¹⁵N¹⁸O₂-derived atoms were incorporated into NO₂-CLA primarily as mixed isotopologues at low ¹⁵N¹⁸O₂⁻ concentrations (¹⁴N¹⁸O¹⁶O-CLA and ¹⁵N¹⁸O¹⁶O-CLA), but became more extensively incorporated to form ¹⁵N¹⁸O₂-CLA when the concentration of ¹⁵N¹⁸O₂⁻ was increased (Figure 4b). Similar results were obtained when we added ¹⁵N¹⁸O₂⁻ to GSH in the presence of ^•NO and O₂, with lower ¹⁵N¹⁸O₂⁻ concentrations yielding mixed GSNO isotopologues and higher concentrations supporting more extensive formation of GS¹⁵N¹⁸O (Figure 4c). While ^•NO concentration had a minor effect on the relative yields of NO₂-CLA isotopologues, ¹⁵N¹⁸O₂⁻ incorporation into GSNO was favored at higher ^•NO concentrations, consistent with a predominant role for N₂O₃-mediated nitrosation under these conditions (Supplementary Fig. 6) ³.

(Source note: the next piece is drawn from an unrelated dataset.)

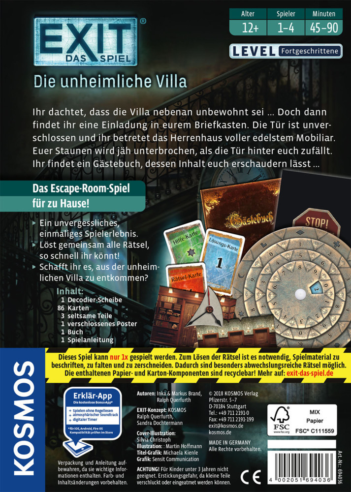 Die Spieler sind in eine Villa eingeladen. Doch nach ihrer Ankunft stellen sie fest, dass sie Teil eines makabren Spiels geworden sind. Und es bleibt nicht viel Zeit, die Rätsel zu lösen, um aus der Villa zu fliehen. Bei EXIT Das Spiel entdecken die Spieler mi...

N₂O₃ participates in NO₂⁻-mediated nitration reactions

The preceding results indicated that NO₂⁻ incorporation into NO₂-CLA and GSNO involved symN₂O₃. To assess whether N₂O₃ formation is required for NO₂⁻ incorporation into NO₂-CLA, we evaluated direct CLA nitration by ^•NO₂ gas and ¹⁵N¹⁸O₂⁻ in the absence of ^•NO. While ^•NO₂ mediated substantial NO₂-CLA formation, only a minor fraction of the products incorporated ¹⁵N¹⁸O₂⁻-derived atoms and no mixed isotopologues were detected (Figure 5a-b). Comparison of the relative yields of NO₂⁻- derived NO₂-CLA in the presence (Figure 2e-f) or absence of ^•NO (Figure 5b), indicated that the role of ^•NO in NO₂⁻-dependent nitration extends beyond ^•NO₂ formation. Additionally, we ruled out a potential role for NO₂⁺ in CLA nitration under our experimental conditions by using nitronium tetrafluoroborate NO₂BF₄ as a nitrating agent (Supplementary Fig. 7). These results are consistent with previous reports indicating that NO₂⁺ is an extremely short-lived species in aqueous solution due to preferential reaction with OH⁻ to generate NO^{3− 28,29}.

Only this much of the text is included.